Business woman and politician from California

Beth Burkhard Gaines (born September 17, 1959) is an American politician who served as a member of the California State Assembly for the 6th district from 2011 to 2016.

== Early life and education==
Gaines was born in Sacramento County, California in 1959. She attended the University of California, Irvine.

== Career ==
In 2011, Gaines' husband, Ted Gaines, won a special election to the California State Senate.

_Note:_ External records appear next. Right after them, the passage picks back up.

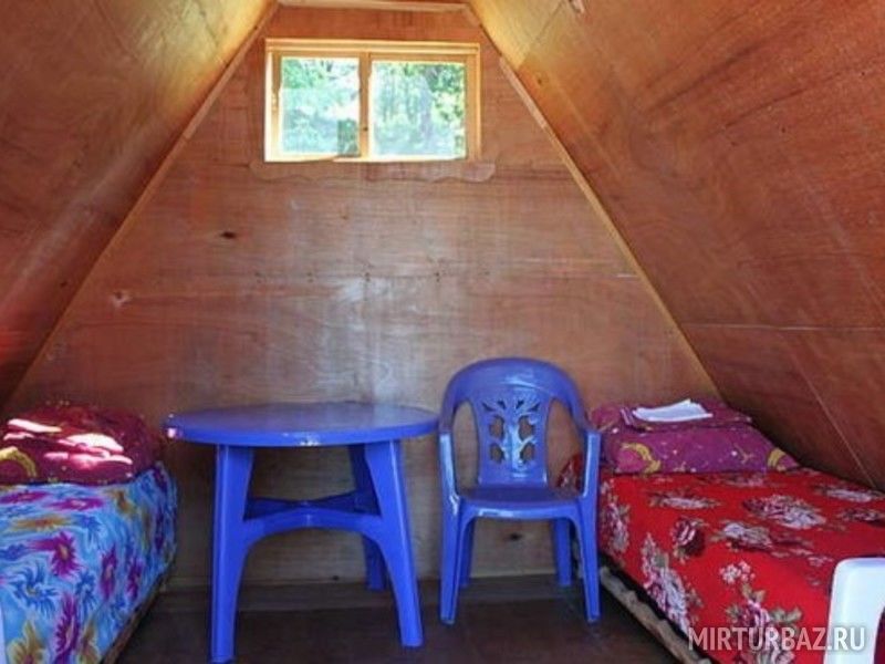 К размещению отдыхающих предлагаются домики-шале (12 кв.м.) с двумя кроватями, холодильником (и без).
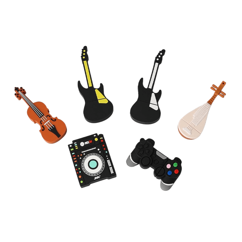 This guitar-shaped PVC soft-rubber USB drive infuses digital life with artistry and whimsy, making it a favorite among music enthusiasts and those who embrace individuality.
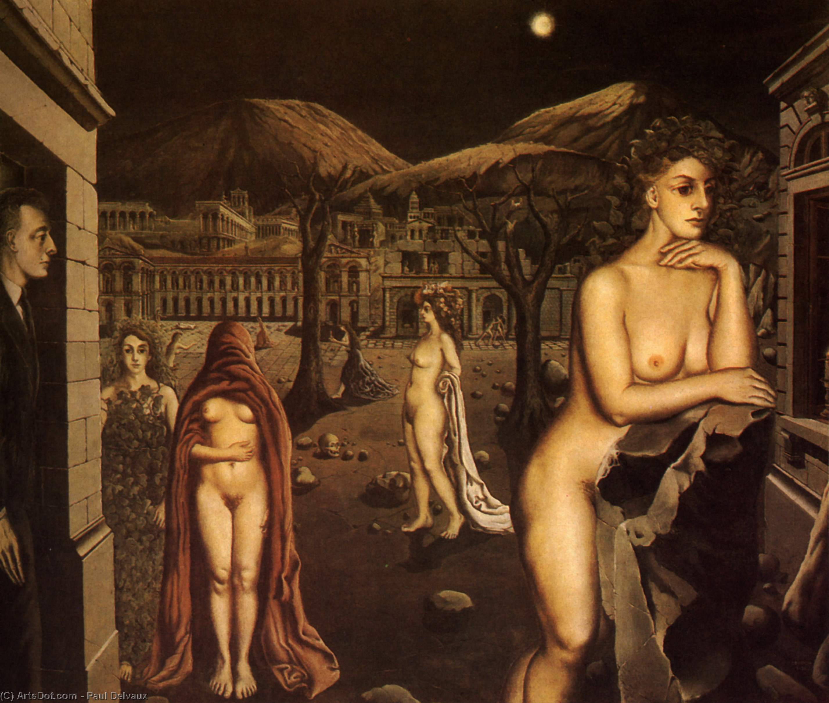 그래서 이런 대비는 종종 루소를 연상시키는 문명과 자연의 대립 같은 것으로 간주되기도 한 이는 실제로 프로이트가 『문명과 그 불만』에서 쓰고 있는 것과 무관하지 않다. 잠든 도시를 옷 벗은 욕망이 걷고 있다. 잠든 도시와 잠들지 않는 욕망의 대비를 보여주려는 것일까? 아니 잠들어 있을 때 비로소 욕망은 웃을 벗어던지고 스스로를 드러내는 거라고 해야 할까? 그처럼, 꿈일까? 어둠과 교교한 달빛, 그리고 어둠으로 물든 신체들, 하지만 여기서는 누구도 옷을 다 벗지 못하고 있다. 대부분 옷을 입고 등징하는 남자야 문명의 일부분이라고 하자. 여인들은 옷을 반쯤 걸친 사람과 나뭇잎으로 옷을 삼은 사람만이 있다. 잠든 도시 안에서도 어느새 문명을, 옷을 다 벗어버릴 수 없게 된 숙명을 그리려던 것이었을까?

On May 3, 2011, Gaines won a special election and became a Republican member of California State Assembly for from the 4th district. Gaines defeated Dennis Campanale with 55.6% of the votes.

==Electoral history==

2014 California's 6th State Assembly district primary
| Party |  | Candidate | Votes | % | ±% |
|---|---|---|---|---|---|
|  | Republican | Beth Gaines (incumbent) | 55,167 | 64.34% |  |
|  | Democratic | Brian Caples | 30,575 | 35.66% |  |
| Total votes |  |  | '85,742' | '100.00%' |  |

2014 California's 6th State Assembly district election
| Party |  | Candidate | Votes | % | ±% |
|---|---|---|---|---|---|
|  | Republican | Beth Gaines (incumbent) | 94,020 | 65.72% |  |
|  | Democratic | Brian Caples | 49,044 | 34.28% |  |
| Total votes |  |  | '143,064' | '100.00%' |  |

== Personal life ==
Gaines' husband is Ted Gaines. They have six children.